■ **ASSIGNMENT**
A word-for-word copy of the records below is needed, without the images.

━━━ SOURCE MATERIAL ━━━

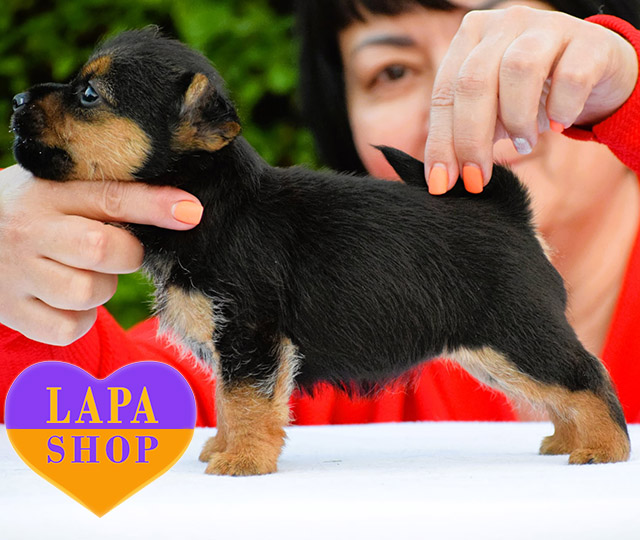 Ця яскрава представниця породи норвіч-тер’єрр із насиченим чорно-підпалим забарвленням. Її компактне тіло, жвавий погляд і виразні вушка надають їй особливого шарму. Ця кмітлива красуня має класичний породний вигляд і стане чудовим другом для тих, хто цінує енергійність та елегантність у малому форматі.
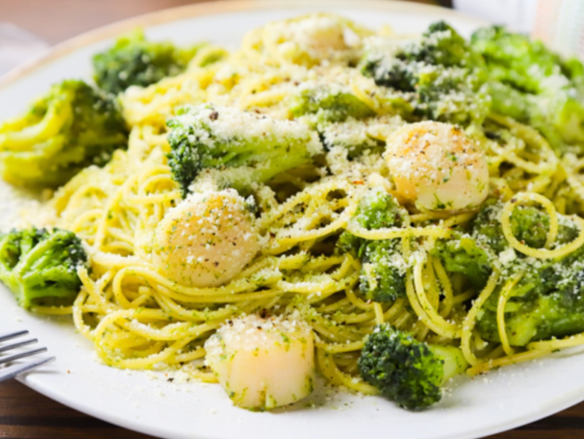 「ホタテとブロッコリーのジェノベーゼパスタ」
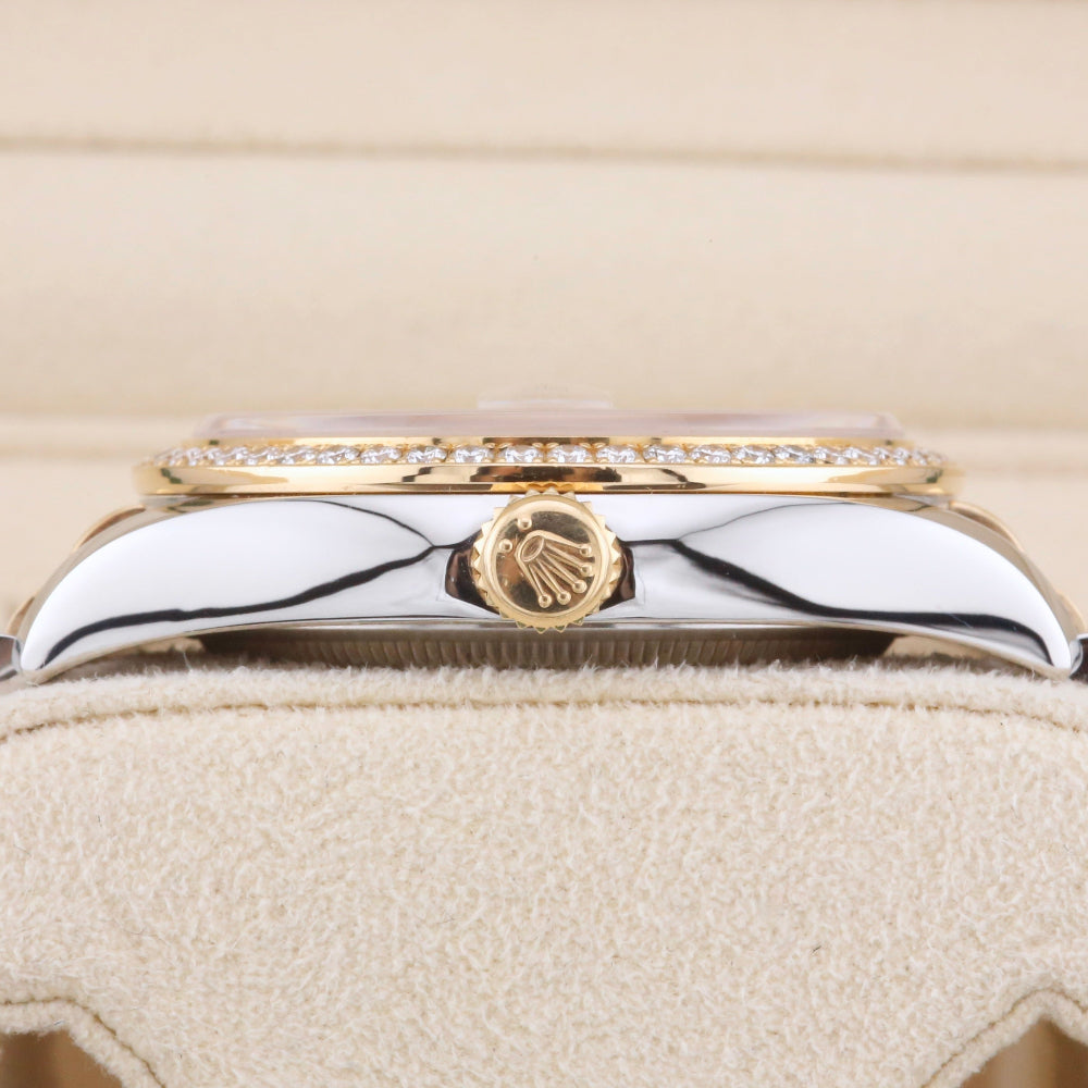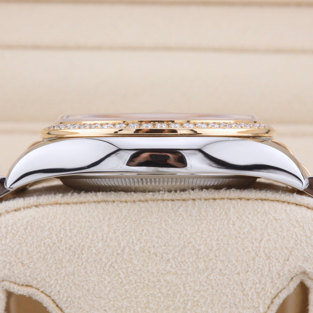 This Rolex Datejust 36 Champagne Diamond Bezel 116243 is available at our showroom in London. The watch boasts a classic bi-metal configuration that features a super jubilee (concealed clasp) bracelet and diamond-set bezel. The highlight of this watch is the rare diamond-set bezel.
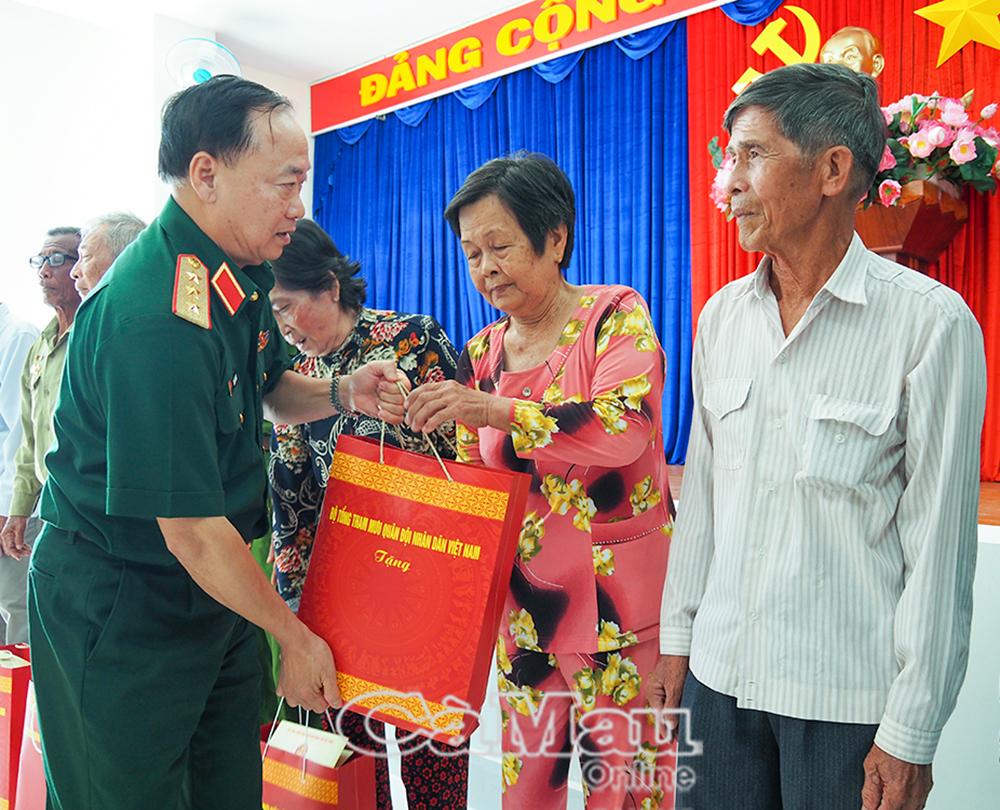 Thượng tướng Thái Đại Ngọc trao quà cho gia đình có công và hộ dân khó khăn.
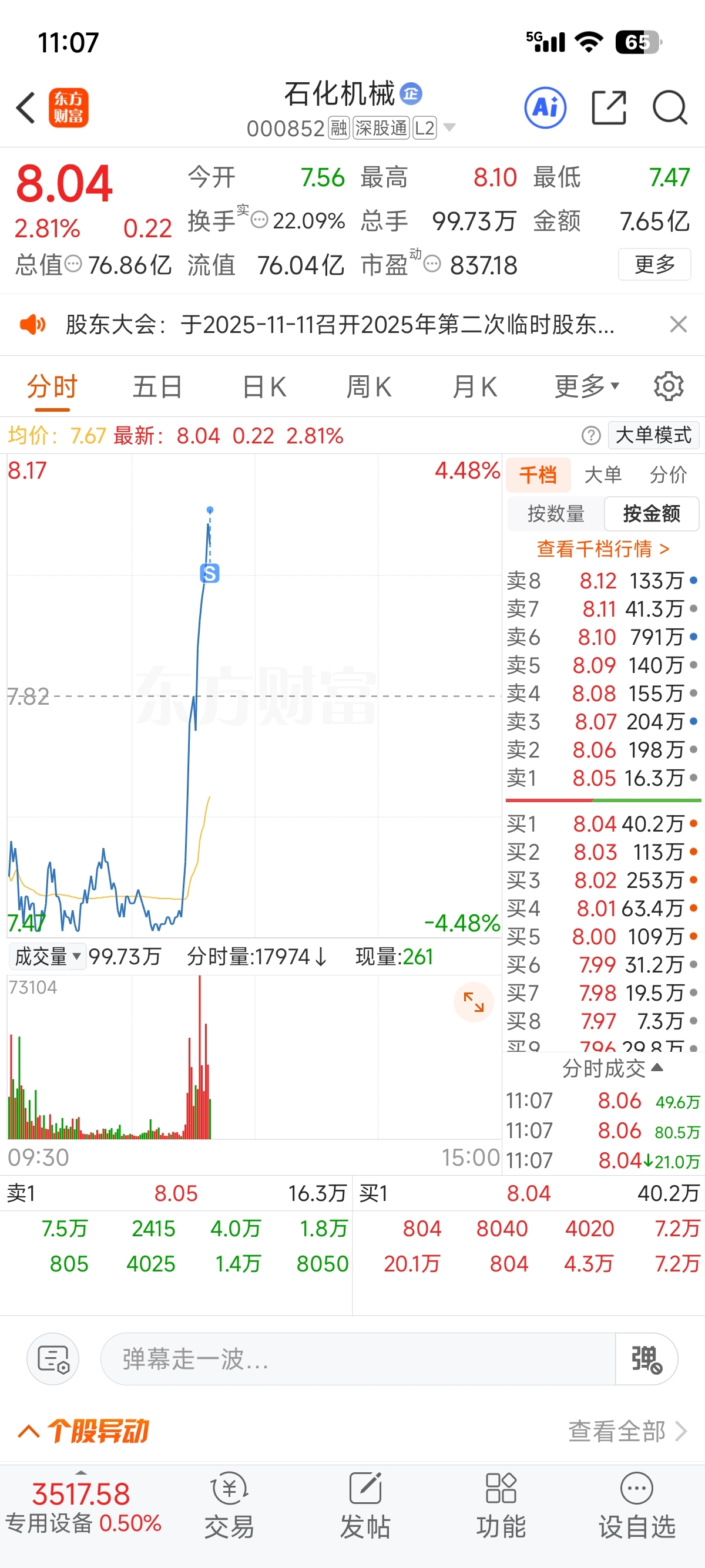 $石化机械(SZ000852)$ 8.09 T掉,等下来再接。
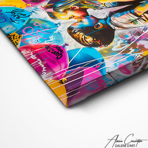 Add a touch of provocation and reflection to your decor with this street art painting. Ideal for an interior that likes to spark conversation.

━━━

■ **YOUR SOLUTION**
 Ця яскрава представниця породи норвіч-тер’єрр із насиченим чорно-підпалим забарвленням. Її компактне тіло, жвавий погляд і виразні вушка надають їй особливого шарму. Ця кмітлива красуня має класичний породний вигляд і стане чудовим другом для тих, хто цінує енергійність та елегантність у малому форматі.
 「ホタテとブロッコリーのジェノベーゼパスタ」
 This Rolex Datejust 36 Champagne Diamond Bezel 116243 is available at our showroom in London. The watch boasts a classic bi-metal configuration that features a super jubilee (concealed clasp) bracelet and diamond-set bezel. The highlight of this watch is the rare diamond-set bezel.
 Thượng tướng Thái Đại Ngọc trao quà cho gia đình có công và hộ dân khó khăn.
 $石化机械(SZ000852)$ 8.09 T掉,等下来再接。
 Add a touch of provocation and reflection to your decor with this street art painting. Ideal for an interior that likes to spark conversation.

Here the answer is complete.